Bien sûr, l’engouement écologiste et le darwinisme sociale feront choisir aux nazis les populations à protéger et les autres à détruire, mais il reste malgré cela une certaine vérité : celle de la surpopulation mondiale. Il existe dans Mein Kampf, dans lequel la nature est divinisé, de nombreux passages où Hitler — qui aimait dominer le monde, la nature-même, du haut de son nid d’aigle, alerte sur la surpopulation et l’impossibilité de croissance infinie de l’humanité. Bien sûr, ses conclusions visent à l’hégémonie des aryens dominant, soumettant, contrôlant les autres peuples, mais le constat demeure une question qui revient régulièrement interroger l’avenir de l’humanité.

L’environnementalisme nazi, comme chez les écologistes d’aujourd’hui, va de pair avec la haine des individus, du peuple, du capitalisme, de la propriété privée et du christianisme. A la fin de son livre, Philippe Simonnot écrit : « Il faudrait aussi réfléchir aux traces du nazisme dans l’animalisme, la xénophobie, le culte de Gaïa, le néo-paganisme, l’anti-libéralisme sévit aujourd’hui dans de nombreux milieux écologistes. Cela fera l’objet d’une future enquête… ». Il a tout à fait raison, mais malheureusement il ne pourra plus le faire.

Un héritage difficile à accepter, sans doute. Mais les faits sont tenaces. Et il faut louer le travail de Philippe Simonnot qui, dans Le Brun et le vert, remet en avant une vérité historique le plus souvent oubliée…

Loic Di Stefano

Philippe Simonnot, Le Brun et le vert, quand les nazis étaient écologistes, les éditions du Cerf, novembre 2022, 188 pages, 19 euros

(1) Citons entre autres L’Art et la science de Ernst Haeckel, Taschen, 40e édition en 2020.
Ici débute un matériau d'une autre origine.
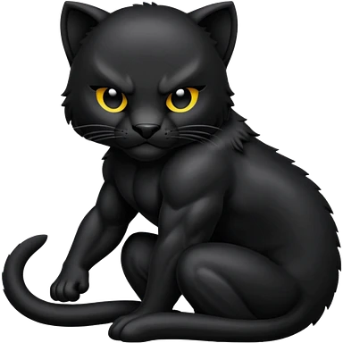 Un emoji de pantera negra con un rostro de alerta. Tendría orejas puntiagudas y ojos brillantes, sin manchas visibles en el cuerpo. La expresión sería intensa y misteriosa, destacando la elegancia del animal. se tiene que ver el cuerpo enteo emoji
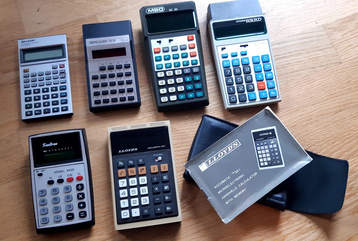 > Mein erster Taschenrechner hatte 4 Grundrechenarten und LED Anzeige.
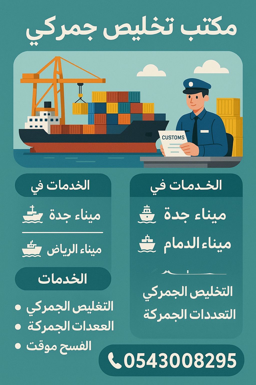 مكتب التخليص الجمركي والنقل نقدم لك جميع خدمات التخليص الجمركي عبر أهم المنافذ في المملكة ميناء جدة الاسلامي، ميناء الرياض الجاف، ميناء الدمام البحري، ميناء رابع، جمرك سلوى، جمرك البطحاء، جمرك ضباء، وجميع المطارات، مع توفير خدمة النقل السريع والآمن من الميناء أو المطار حتى مستودعاتك. خدماتنا تشمل تخليص جمركي لجميع أنواع الحاويات والشحنات. نقل البضائع من والى الموانئ والمطارات
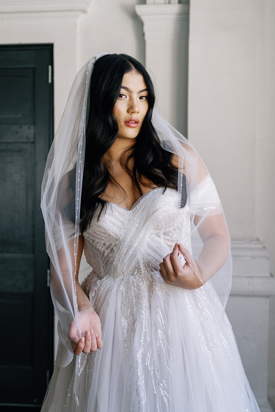 Login to see priceThe Annabel is a gorgeous half width one tier veil. The shape of this veil is gorgeous as it has a small amount of gathers on the comb to provide a bit of volume and isn’t an overwhelming amount of fabric. The edge is adorned with hand beaded pearl beads including three small round beads followed by an oval shaped pearl. This pattern is repeated around the veil to the comb.
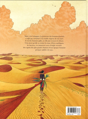 Nefer s'est échappée. La princesse des Hommes fourmis a enfin pu s'arracher à la cruelle emprise de son mari, le roi des Hommes pâles, et elle fuit à travers le désert. C'est ainsi qu'elle va croiser la route d'êtres mythiques, les Anciens, ces immenses tours d'argile investies des esprits des plus grands chamans d'une époque si lointaine qu'elle est presque effacée de la mémoire des hommes.
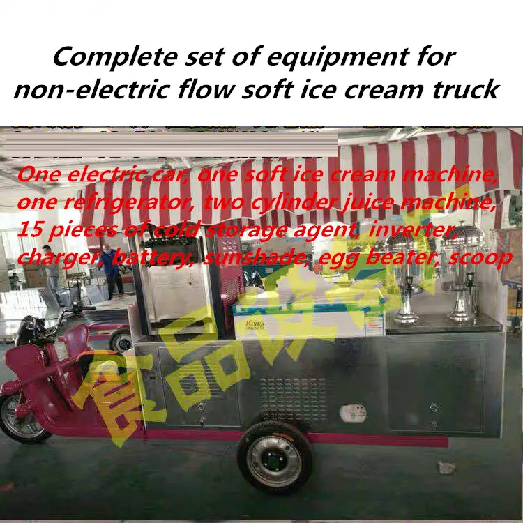 Специальный грузовик для мороженого (включая гравировальную пластину), Лепесток дождя (включая полку из нержавеющей стали), специальная мягкая машина для мороженого, Одна специальная соковыжималка для двух цилиндров, одна специальная холодильная морозильная камера, четыре соответствующие специальные аккумуляторы и один комплект зарядного устройства

(2) Stéphane François, chercheur au CNRS, a étrangement oublié, dans on étude Les verts-bruns : L’écologie de l’extrême droite française (Le Bord de l’eau, 2022) cette source…

PS : Philippe Simonnot est décédé quelques jours seulement avant la parution de son essai. On regrettera qu’il ne puisse pas défendre sa thèse contre les réfractaires et les idéologues.